Our lives differ radically from our ancestors’ because of what McCloskey calls the Bourgeois Deal, which embraces Adam Smith’s “liberal plan of equality, liberty, and justice.” The Deal means our descendants’ lives will differ radically from ours, and the differences will be even more pronounced if we extend the Deal now to areas it does not reach. One such place is Danish land use planning, which restricts productivity growth in Danish retail and, therefore, economic growth in Denmark. Deregulating land use planning and allowing for larger stores would translate into lower prices and more output for modern Danes and their descendants.

Introduction

Imagine one of our illiterate peasant ancestors arrived on your doorstep, freshly arrived from the fourteenth or fifteenth century or from sometime before the birth of Christ. If you wanted him to understand just how radically different things are now compared to then, where would you take him?

I think the answer is pretty simple: you would take him to a grocery store like Netto (which we do not have in the United States) or Aldi (which we do).

Why? Stores tell the most important story of the last two and a half centuries: the Great Enrichment. Life went from being “solitary, poor, nasty, brutish, and short,” as Thomas Hobbes described it in Leviathan (Hobbes 1651), to being connected, wealthy, clean, peaceful, and long. It happened because people adopted a humane liberalism that embraced cooperation and innovation, “allowing every man to pursue his own interest his own way, upon the liberal plan of equality, liberty and justice” (Smith 1776). Deirdre McCloskey called it the Bourgeois Deal: “leave me alone, and I’ll make you rich” (McCloskey 2006, 2010, 2016; see also McCloskey and Carden 2020). The world’s poor have been the big winners, and the results have been dramatic even in the last few decades: the share of the world’s population living in extreme poverty fell from 42.6% in 1981 to 8.7% in 2018.

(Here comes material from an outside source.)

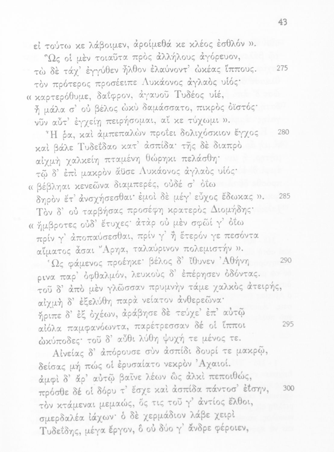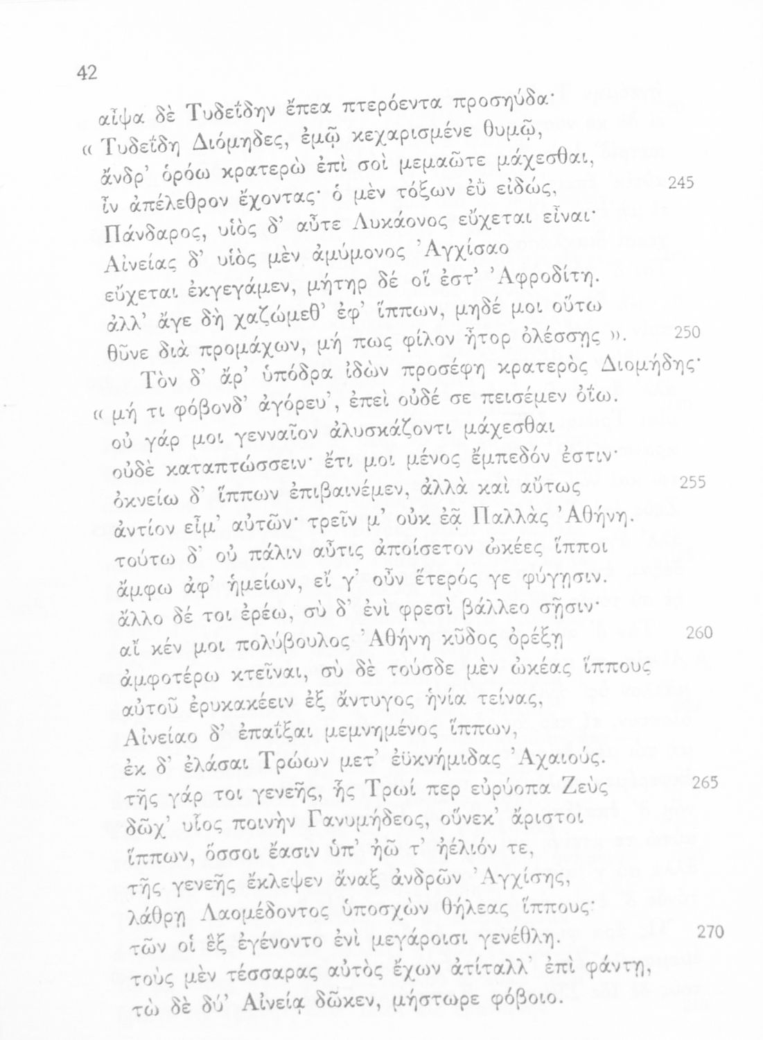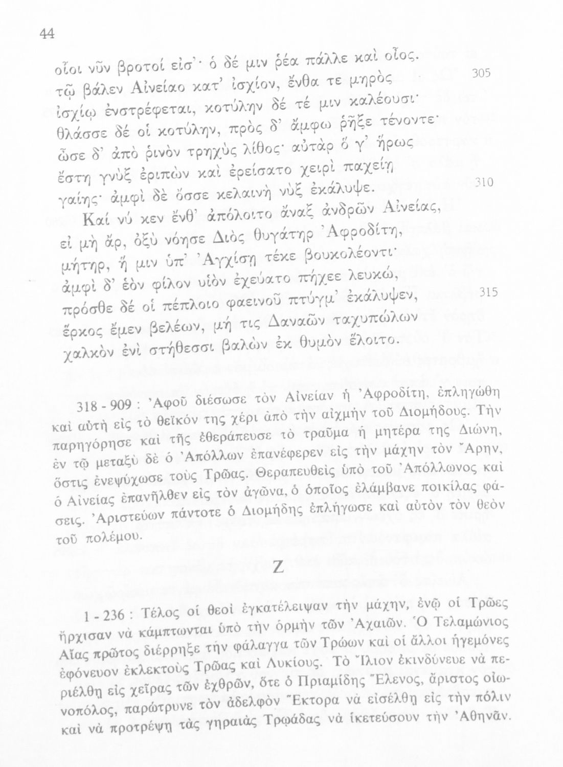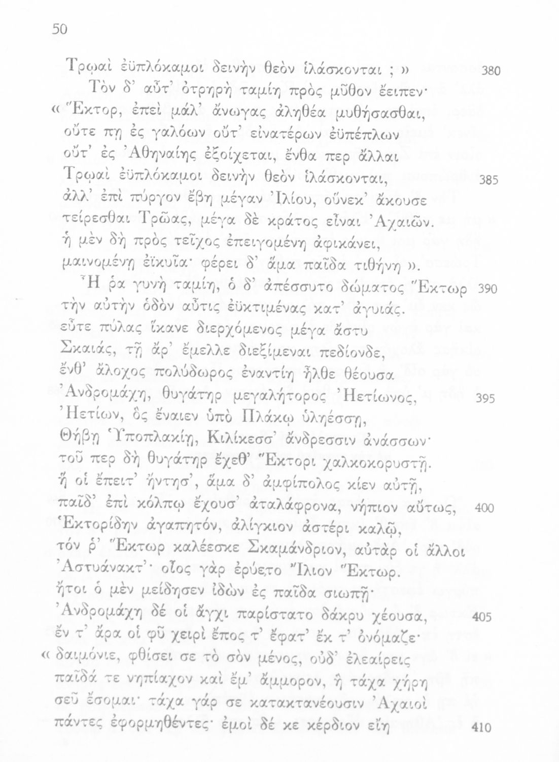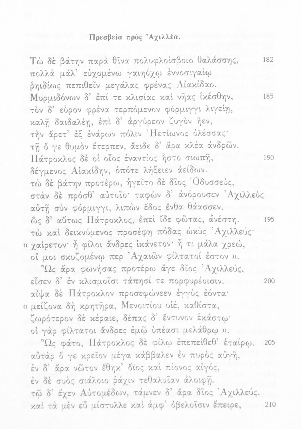 Σχολικό εγχειρίδιο Αρχαίων Ελληνικών της Ε΄ Γυμνασίου το οποίο περιλαμβάνει επιλεγμένα μέρη από την Ιλιάδα. Τα αποσπάσματα συνοδεύονται από γλωσσικές και ερμηνευτικές σημειώσεις.

Except we don’t really leave one another alone. At least not yet, and this is to our detriment and our descendants’. A trip to a Danish grocery store would blow your ancestor’s mind, but it would be even better—and the Danish economy would grow more rapidly, and poverty would disappear even more quickly—without planning restrictions that keep stores smaller and goods more expensive than they would otherwise be. There is room for improvement, specifically by relaxing land use planning rules that reduce Danish retail productivity.